On 22/12/2022 15:21, Mirsad Goran Todorovac wrote:
On 12/22/2022 09:04, Tvrtko Ursulin wrote:
On 22/12/2022 00:12, Mirsad Goran Todorovac wrote:
On 20. 12. 2022. 20:34, Mirsad Todorovac wrote:
As I hear no reply from Tvrtko, and there is already 1d5h uptime with
no leaks (but
the kworker with memstick_check nag I couldn't bisect on the only box
that reproduced it,
because something in hw was not supported in pre 4.16 kernels on the
Lenovo V530S-07ICB.
Or I am doing something wrong.)
However, now I can find the memstick maintainers thanks to Tvrtko's
hint.
If you no longer require my service, I would close this on my behalf.
I hope I did not cause too much trouble. The knowledgeable knew that
this was not a security
risk, but only a bug. (30 leaks of 64 bytes each were hardly to
exhaust memory in any realistic
time.)
However, having some experience with software development, I always
preferred bugs reported
and fixed rather than concealed and lying in wait (or worse, found
first by a motivated
adversary.) Forgive me this rant, I do not live from writing kernel
drivers, this is just a
pet project as of time being ...
Hi,
It is not forgotten - I was trying to reach out to the original author
of the fixlet which worked for you. If that fails I will take it up on
myself, but need to set aside some time to get into the exact problem
space before I can vouch for the fix and send it on my own.
That's good news. Possibly with some assistance I could bisect on pre
4.16 kernels with the additional drivers.
Sorry, maybe I am confused, but from where does 4.16 come?
In the meantime definitely thanks a lot for testing this quickly and
reporting back!
Not at all, I considered it a privilege to assist your team.
What will happen next is, that when either the original author or
myself are ready to send out the fix as a proper patch, you will be
copied on it via the "Reported-by" and possibly "Tested-by" tags.
Latter is if the patch remains identical. If it changes we might
kindly ask you to re-test if possible.
I've seen the published patch and it seems like the same two lines
change (-1/+1).
In case of a change, I will attempt to test with the same config, setup
and running programs.
Yes it is the same diff so no need to re-test really.

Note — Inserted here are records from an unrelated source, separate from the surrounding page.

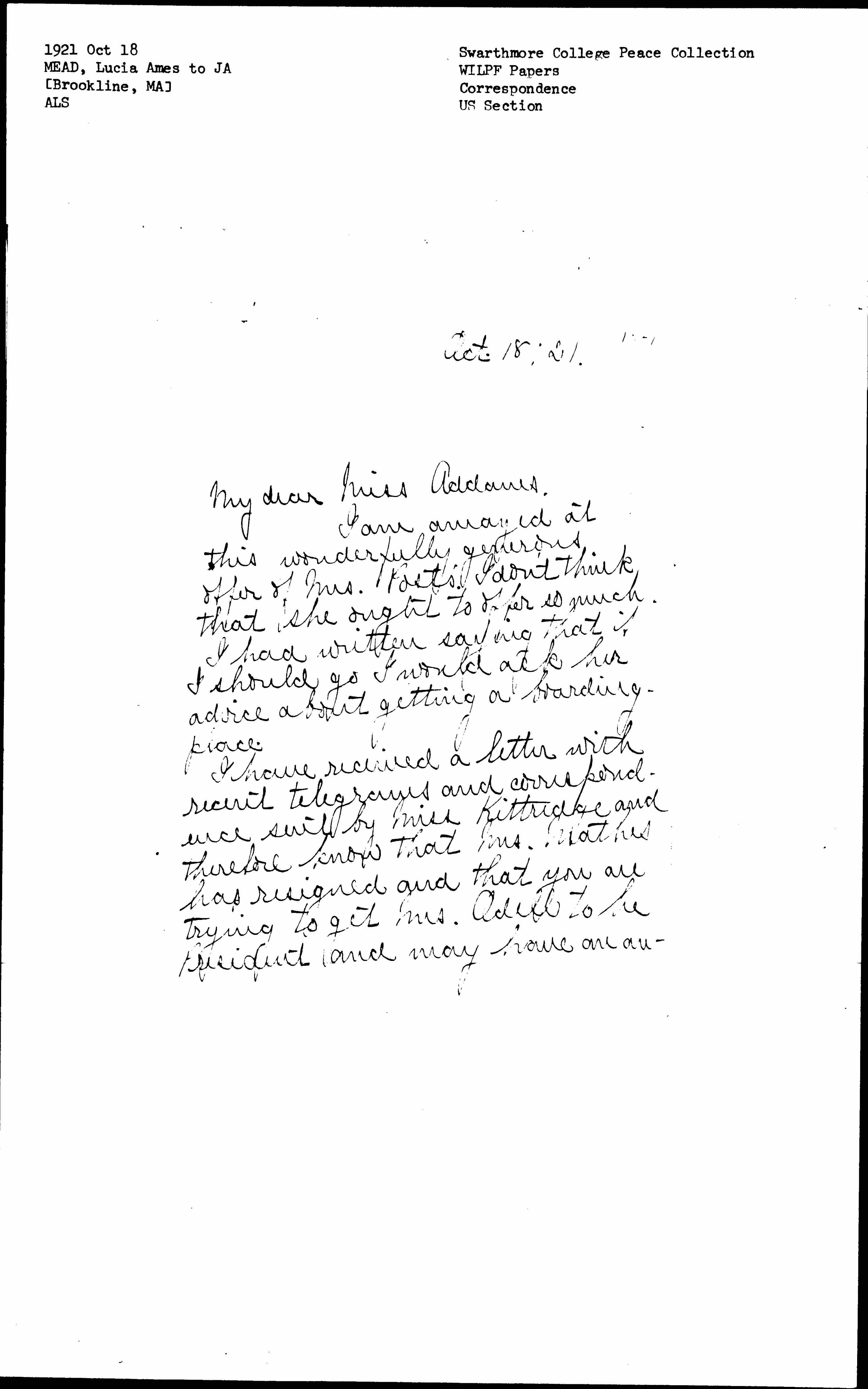 I have received a letter with recent telegrams and correspondence sent by Miss Kittredge and therefore know that Mrs. Mathes has resigned and that you are trying to get Mrs. Odell to be President and may have an annual [page 2] meeting in December, also that you think our [headquarters] would better be with the [Friends?] instead of in the building of the Council.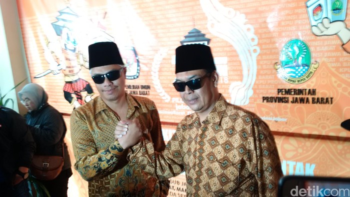 Kacamata hitam keduanya menjadi ciri khas. Duet tersebut baru melepas kacamatanya saat sesi wawancara dengan para wartawan.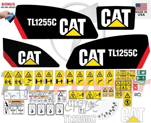 This aftermarket Caterpillar TL1255C telescopic forklift sticker and decal kit is intended for: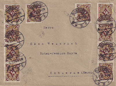 Inlandsbrief (1-20 g) vom 05.07.1923 frankiert mit 10 Marken a 30 Mark (=300 Mark) |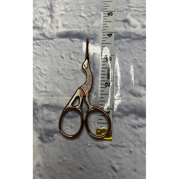 1 pair of rose gold Embroidery scissors. Sublime smooth cutting. Stork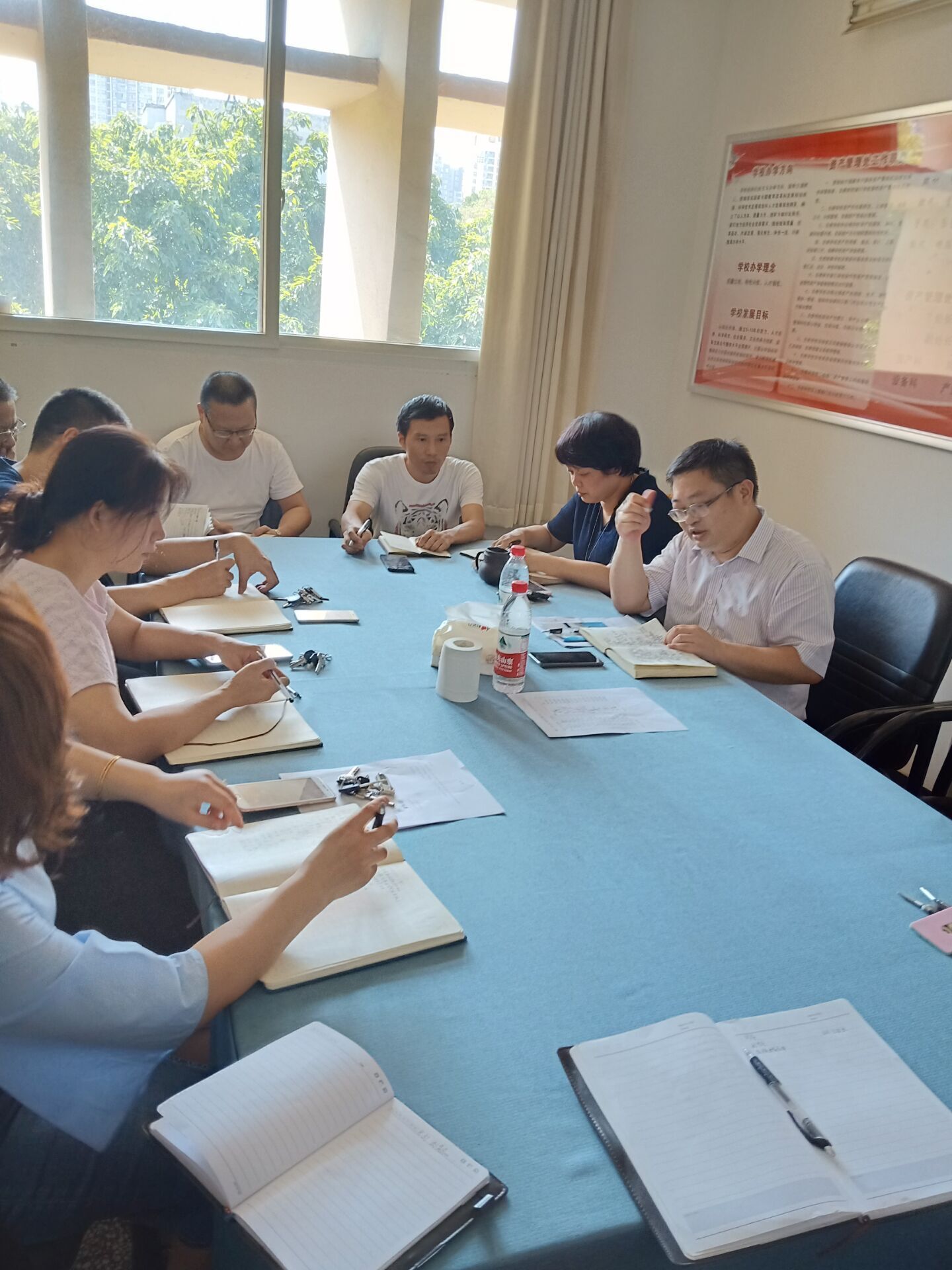 接着,刘强处长总结了暑假工作并布置了本学期重点工作。假期编制了资产处三年滚动预算,完成了校区功能调整、资产清查准备等工作。本学期重点工作有规章制度修订、全校资产清查、校办企业清理、住房货币化补贴、部分房改房办证、井口资产处置等。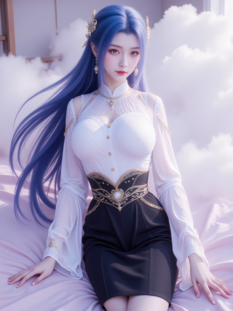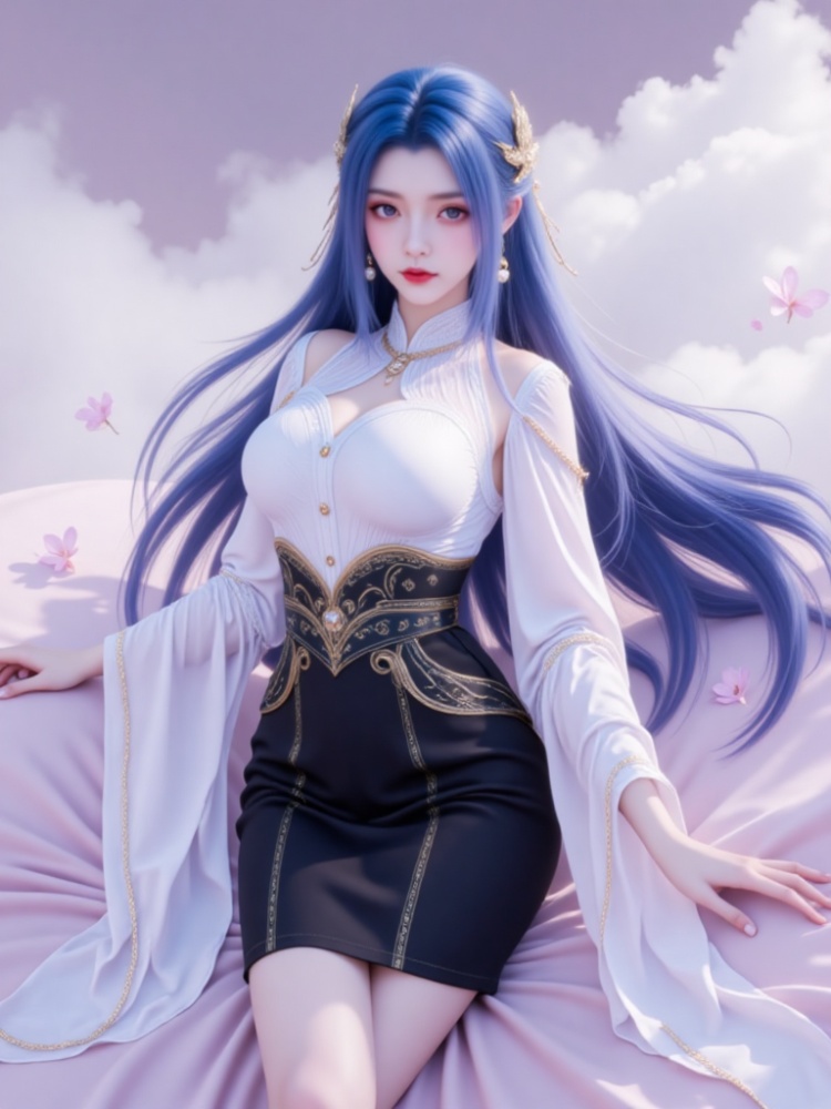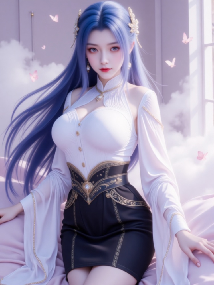 This picture is like a dream in a purple mist, with a blue-haired goddess standing on the clouds, crushing the spirit of fairy rhyme and cool edge in a lavender halo. Her long hair, like a flowing spring condensed by purple mist, dances lightly in the wind into flowing lines of poetry, and the gold ornaments in her hair flutter like butterfly wings, which shine against the pearl earrings in her ears and the gold chain jewels in her neck. Between the eyebrows, the Milky Way is clear, the lips are like coral kissed by morning dew, and the eyes are gentle and alienated, as if they have just woken up from a thousand years' sleep, showing a lazy aestheticism. A white gauze coat is woven like moonlight, with a stand-up collar outlining a soft neckline, gold buttons like stars and awns, and gold chains on sleeves winding like vines; The black skirt on the lower part of the body is like ink cream, the gilded waist is inlaid with precious stones, and the complicated pattern is like a star track in the dark night, which binds the slender waist into an exquisite poem. When the wind blows, the clothes are fluttering, and the softness of the white gauze is intertwined with the rustling of the black skirt. Every inch of the line seems to be carefully carved, with an immortal spirit and sharpness. She leans on the soft lavender couch, her posture is lazy and attractive, her fingertips lightly lean on the couch edge, and her bare feet are untouched by worldly customs, as if she were a goddess coming out of another world. In this purple mist-filled world, she stands still and becomes a painting and a poem.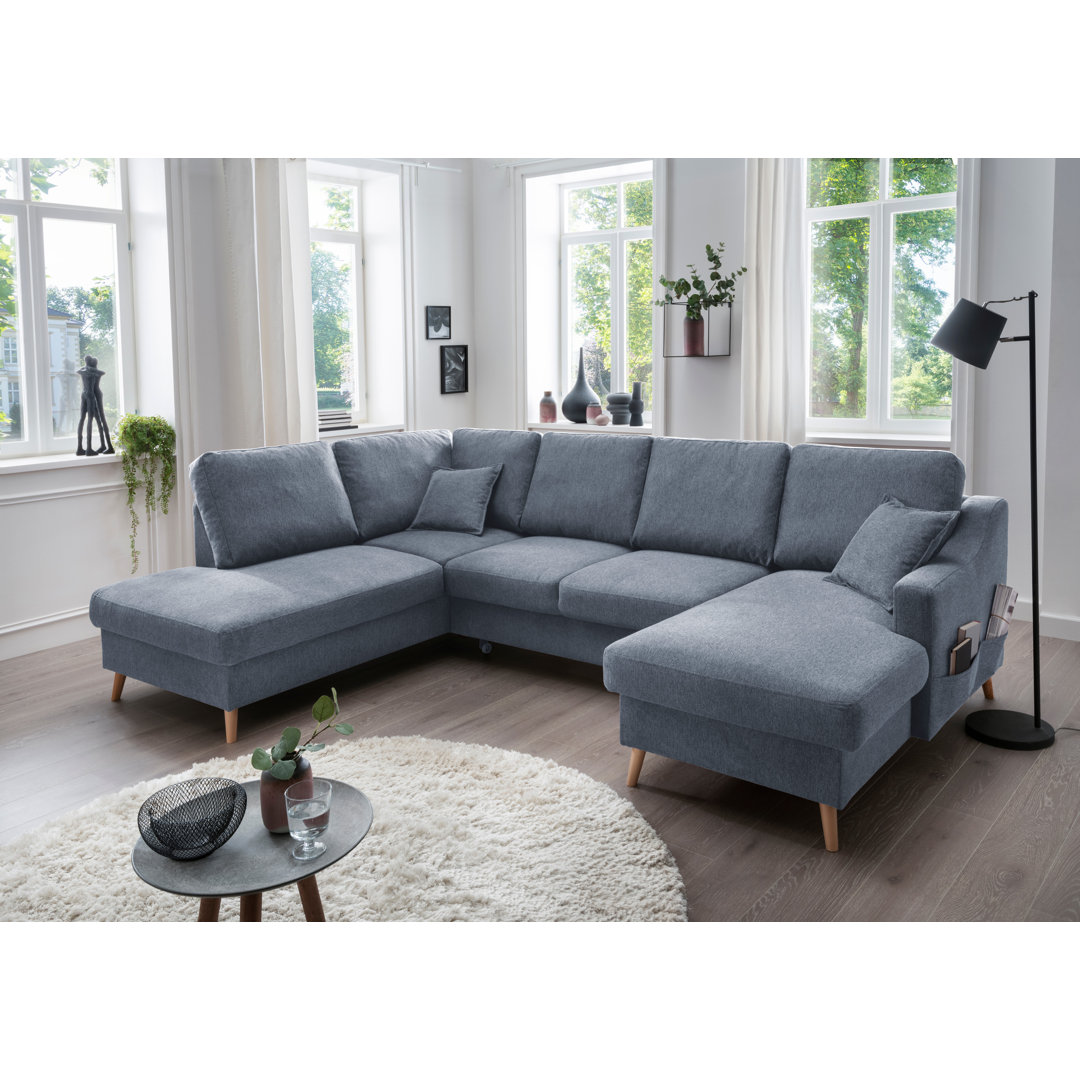 Liegefunktion inklusive Stellfläche: ca. 150 x 301 x 200 cm Liegefläche: ca. 260 x 127 cm WEllenunterfederung und Komfortschaum massive Holzfüße Zierkissen inklusive Staukasten unter der Recamieren Corrigan Studio Ausrichtung: Ausrichtung Links, Polsterfarbe: Blau

I may need to correct myself in regard as to security aspect of this
patch as addressed in 786555987207.
QUOTE:
Currently we create a new mmap_offset for every call to
mmap_offset_ioctl. This exposes ourselves to an abusive client that
may
simply create new mmap_offsets ad infinitum, which will exhaust
physical
memory and the virtual address space. In addition to the exhaustion, a
very long linear list of mmap_offsets causes other clients using the
object to incur long list walks -- these long lists can also be
generated by simply having many clients generate their own
mmap_offset.
It is unobvious whether the bug that caused chrome to trigger 30
memleaks could be exploited by an
abusive script to exhaust larger parts of kernel memory and possibly
crash the kernel?
Indeed. Attackers imagination can be pretty impressive so I'd rather
assume it is exploitable than that it isn't. Luckily it is "just" a
memory leak rather and information leak or worse. Hopefully we can merge
the fix soon, as soon as a willing reviewer is found.